In his motion for new trial, appellant did raise the chain-of-custody challenge to the admissibility of the reference sample that he now raises on appeal. In ruling on the motion, the trial court said it had “dealt with” Cavazos’s in-court identification of appellant as the person from whom she took buccal swabs, and the issue of “whether there was sufficient evidence for a proper foundation for the introduction of the DNA results, ” and that it had ruled at trial that “although there was, short of perfect foundation, nevertheless, ... there was sufficient evidence for a foundation in that it would be to the weight and not to the admissibility of the evidence of the DNA.” Based on these statements by the trial court, appellant argues that “the trial court recollected discussion of the issue and it must be inferred that defense counsel made an objection that ‘fairly inform[ed] the trial court, as well as the party offering the evidence... so the party offering the evidence [could] respond appropriately and the court [could] make a fully informed ruling.’ [Citation.]” We disagree.
At trial, it was DNA evidence obtained from the victim by Nurse Wells, not the reference sample obtained by Cavazos, that the court, addressing the defense chain-of-custody objection, found admissible despite the “short of perfect” foundation. It appears that the court, in ruling on the new trial motion, incorrectly recollected this. Contrary to appellant’s argument, at trial the court did not address the argument that the chain of custody of the reference sample was inadequate. We infer from the court’s remarks not that the court believed at the time it ruled on the hearsay objection to Cavazos’s testimony that it was addressing the chain-of-custody issue appellant now raises, but that the court, in ruling on the new trial motion, simply confused its ruling at trial on the issue of the chain of custody of the DNA specimen taken from the victim with its ruling on the hearsay objection to Cavazos’s testimony.
In any event, whatever the court might have thought when it addressed the hearsay objection, that objection did not put the prosecutor on notice that appellant was raising the chain-of-custody issue he now raises on appeal. We reiterate that the objection was on hearsay, not chain-of-custody grounds. Moreover, as discussed more fully below, appellant’s chain-of-custody argument is based on not only the question of whether appellant was the person from whom Cavazos took the sample, but on the handling of the sample after it was obtained. Nothing in the hearsay objection to Cavazos’s testimony could have alerted the prosecutor to these additional bases for arguing the chain of custody was inadequate. On this record, appellant’s objection at trial to Cavazos’s testimony was insufficient to enable the prosecution to cure any chain-of-custody defect in the reference sample evidence, and it did not fairly apprise the court of the chain-of-custody issue he now raises on appeal. Appellant has thus forfeited his right to raise that issue in the instant appeal.
Chain of Custody
Appellant’s claim also fails on the merits.

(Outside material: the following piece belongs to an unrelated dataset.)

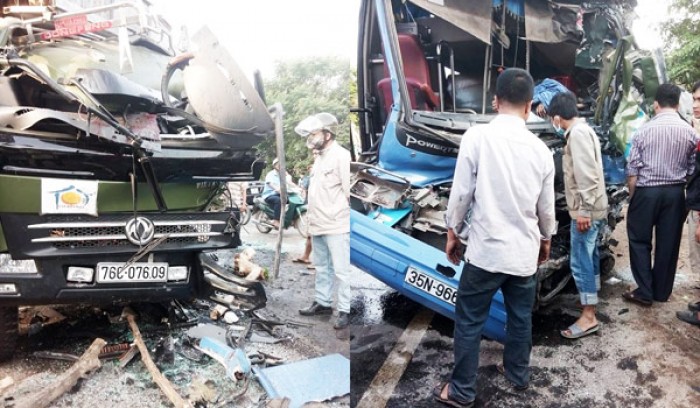Thông tin ban đầu, xe khách giường nằm mang BKS 35N-9667 do tài xế Trần Quốc Cường (SN 1991, quê ở Kim Sơn, Ninh Bình) điều khiển chạy theo hướng Bắc -Nam, khi đến địa điểm trên thì bất ngờ sang bên trái đường, tông vào xe tải chở dăm gỗ mang BKS 76C-07609 do tài xế Đinh Văn Hậu (xã Long Môn, huyện Minh Long, Quảng Ngãi) chạy hướng chiều ngược lại.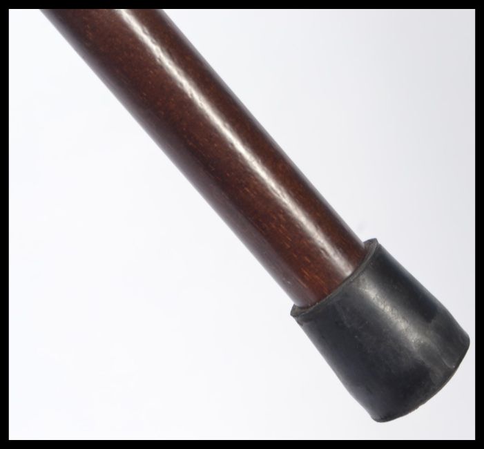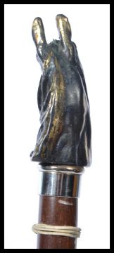 A vintage 20th century walking stick cane having a tapering wooden shaft with silver white metal collar and brass horse handle. Measures 95 cm long.

“In a chain of custody claim, ‘“[t]he burden on the party offering the evidence is to show to the satisfaction of the trial court that, taking all the circumstances into account including the ease or difficulty with which the particular evidence could have been altered, it is reasonably certain that there was no alteration. [¶] The requirement of reasonable certainty is not met when some vital link in the chain of possession is not accounted for, because then it is as likely as not that the evidence analyzed was not the evidence originally received. Left to such speculation the court must exclude the evidence. [Citations.] Conversely, when it is the barest speculation that there was tampering, it is proper to admit the evidence and let what doubt remains go to its weight.” [Citations.]’” (People v. Catlin (2001) 26 Cal.4th 81, 134.) “‘While a perfect chain of custody is desirable, gaps will not result in the exclusion of the evidence, so long as the links offered connect the evidence with the case and raise no serious questions of tampering’....” (Ibid.) “[I]t is not the case, that anyone whose testimony may be relevant in establishing the chain of custody, authenticity of the sample, or accuracy of the testing device, must appear in person as part of the prosecution’s case.... [Not] everyone who laid hands on the evidence must be called.... ‘[G]aps in the chain [of custody] normally go to the weight of the evidence rather than its admissibility.’” (Melendez-Diaz v. Massachusetts (2009) 557 U.S. ___ [129 S.Ct. 2527, 2532, fn. 1].)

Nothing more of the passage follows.